──────── Material provided ────────

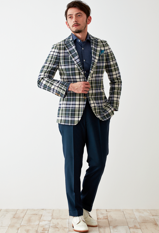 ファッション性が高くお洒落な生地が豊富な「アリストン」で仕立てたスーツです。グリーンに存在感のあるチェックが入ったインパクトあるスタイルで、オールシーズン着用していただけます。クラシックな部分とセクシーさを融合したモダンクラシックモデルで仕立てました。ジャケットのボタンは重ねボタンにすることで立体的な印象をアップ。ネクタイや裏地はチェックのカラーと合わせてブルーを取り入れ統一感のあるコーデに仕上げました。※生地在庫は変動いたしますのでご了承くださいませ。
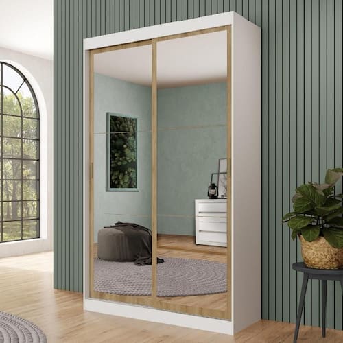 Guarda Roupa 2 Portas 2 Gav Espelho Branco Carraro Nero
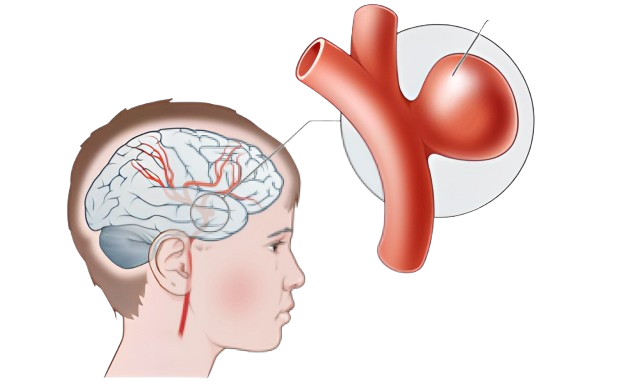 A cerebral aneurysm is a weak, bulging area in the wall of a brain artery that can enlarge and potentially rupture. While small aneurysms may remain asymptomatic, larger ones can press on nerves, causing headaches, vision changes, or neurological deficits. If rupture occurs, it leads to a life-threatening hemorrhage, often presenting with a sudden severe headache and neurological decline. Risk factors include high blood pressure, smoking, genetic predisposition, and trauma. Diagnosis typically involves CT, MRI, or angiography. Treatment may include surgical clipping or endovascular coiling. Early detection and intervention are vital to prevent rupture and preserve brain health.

────────

Exercise prompt: Leave out any pictures, please, and quote only the lines from the top of the data through the line that contains "Guarda Roupa 2".

Exercise result:
 ファッション性が高くお洒落な生地が豊富な「アリストン」で仕立てたスーツです。グリーンに存在感のあるチェックが入ったインパクトあるスタイルで、オールシーズン着用していただけます。クラシックな部分とセクシーさを融合したモダンクラシックモデルで仕立てました。ジャケットのボタンは重ねボタンにすることで立体的な印象をアップ。ネクタイや裏地はチェックのカラーと合わせてブルーを取り入れ統一感のあるコーデに仕上げました。※生地在庫は変動いたしますのでご了承くださいませ。
 Guarda Roupa 2 Portas 2 Gav Espelho Branco Carraro Nero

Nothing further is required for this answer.